Литературный архипелаг — страница 60 из 73

За нашим, по моей вине вегетарианским, обедом Лев Исаакович, с трудом справляясь с длиннохвостыми макаронами, волнуясь и спеша, стал объяснять мне, что мы «не с того конца взялись за дело». Я развесил уши. «Понимаете, — учил меня Шестов, — автор, не признанный у себя на родине, не может привлечь внимания иностранцев. Посмотрите — Бергсон! Сначала его признали во Франции, а уже затем и немцы за него взялись, да так, что он теперь и мне загораживает дорогу в Германии. Да и тут, у итальянцев, и всех прочих. Ясно — мировое имя! Но первым делом — родина! А мы хотели через все это перепрыгнуть. Ну да ничего — „лиха беда начало!“ (Лев Исаакович любил поговорки и присловья, особенно в народном духе.) Ничего! Я вам сейчас кое-что покажу». Отодвинув тарелку, он стал рыться в карманах, покуда не извлек конверт с русскими марками: «Вот!»

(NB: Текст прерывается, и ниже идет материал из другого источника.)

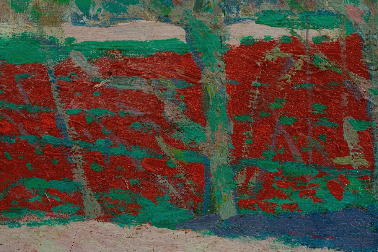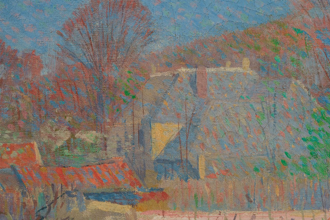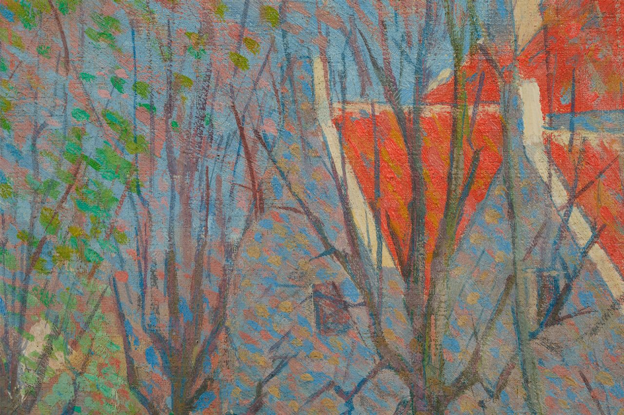 Ferdinand Hart Nibbrig trekt na zijn studie aan de Rijkskademie in Amsterdam in 1888 naar Parijs om zich in het ‘nieuwe’ artistieke klimaat onder te dompelen. Hij komt er in aanraking met het werk van de impressionistische schilders Claude Monet, Camille Pisarro, Georges Seurat en Vincent van Gogh. Zij braken met de conventionele schildertradities en schilderden in andere technieken met felle, ongemengde kleuren. Terug in Nederland weet Hart Nibbrig aanvankelijk niet goed hoe hij deze indrukken moest verwerken en is hij een aantal jaren op zoek naar een eigen stijl. Hij experimenteert met verschillende technieken om verf aan te brengen in nog steeds donkere aardtinten met weinig licht-donker effect. Maar als hij voorjaar 1892 vanuit Amsterdam op aanraden van zijn vriend Simon Moulijn een fietstocht maakt langs de bloeiende bollenvelden bij Bennebroek en Hillegom weet hij wat hem te doen staat. De aanblik van dit feest van kleur verandert zijn palet volledig. De donkere kleuren in een korte penseelvoering maken plaats voor frisrode, felblauwe en witte kleuren in een stippeltechniek die het sprankelende licht moest verbeelden. Daarmee behoorde Hart Nibbrig met ‘Co’ Breman tot de eerste schilders in Nederland die de pointillistische techniek gebruikten voor het oproepen van een warme, zomerse sfeer. Toen hij dit schilderij maakte zat Hart Nibbrig op een stukje hoger gelegen oude duinwal in Bennebroek. Deze duinwallen waren in de 17e eeuw voor een groot deel afgegraven en het zand was voornamelijk gebruikt voor de stadsuitbreiding van Amsterdam. Vanaf ca. 1850/1860 werd dit gebied in gebruik genomen voor de bollenteelt. Van waar hij zat had Hart Nibbrig een goed zicht op de wat lagergelegen bollenvelden van Bakker en Van Lierop, van wie de laatste zich had gespecialiseerd in de hyachintenteelt. Het huis aan de rechterzijde is huize Vrede-oord (nu Bennebroekerlaan 31-33). In het midden van het schilderij zien we waarschijnlijk Hotel-Restaurant De Nieuwe Geleerde Man, in 1927 afgebrand en daarna weer opgebouwd. Met dank aan Martin Bunnik, Historische Vereniging Heemstede-Bennebroek.

Оказалось, что это было письмо от питерского издательства «Шиповник», предлагавшее Шестову выпустить его полное собрание сочинений в шести томах[717]. «Понимаете, получается каламбур: шесть томов Шестова! А все это благодаря Любови Яковлевне Гуревич[718]. Она давно меня подговаривает: „Чем же вы-то хуже других?“ Так вот Копельман из „Шиповника“ и послушался. Черная сотня теперь будет говорить, что это еврейская бухгалтерия! Так пусть говорят, не так ли?»

Я был смущен и огорчен. К этому времени я уже не был так наивен, чтобы не знать, что даже самые крупные умы подвержены обычным человеческим слабостям и что среди опасностей, подстерегающих людей мысли и пера, наиболее коварными являются честолюбие и тщеславие. Но ведь потому и соблазнил меня своими писаниями Лев Шестов, что он нашел смелость приложить мерку наивысшего величия даже к таким глашатаям общечеловеческой добродетели, как Толстой, не побоявшись поднять руку на их моральный престиж. Никто лучше Шестова, казалось мне, не умел убийственной иронией заклеймить расхождение между словом и делом, между философией и жизнью. Тонкая и тончайшая его ирония свидетельствовала как будто если не об исключительной мудрости, то, по крайней мере, о тонком и тончайшем уме. Правда, уже при первой встрече в Германии ко мне стало закрадываться сомнение о глубине его проникновения в человеческое сердце, а главное — в бескорыстности его изысканий. Я удивлялся, поражался противоречивости его оценок, но счел бы непростительной дерзостью одно свое предположение о том, что Шестов находится во власти ненасытной страсти утвердить самого себя и найти всеобщее признание в качестве оригинального мыслителя еще при жизни — непременно еще при жизни. Вот, к примеру, хотя бы как Бергсон! Только теперь я вдруг понял, как глубоко его задела невинная, чисто деловая фраза в письме из Иены: «Wir haben uns auf der linie Bergson festgelegt»[719]. Мне и в голову не приходило, что Шестов с кем-то соперничает и как бы играет в перегонки. Волнение же его по поводу возможности увидеть «полное собрание» своих сочинений выдавало уже не только страстное честолюбие, но и самое обыденное тщеславие. Я был огорчен и совершенно растерялся. Но тут мне на выручку подоспел другой мыслитель-оригинал — Ительсон[720].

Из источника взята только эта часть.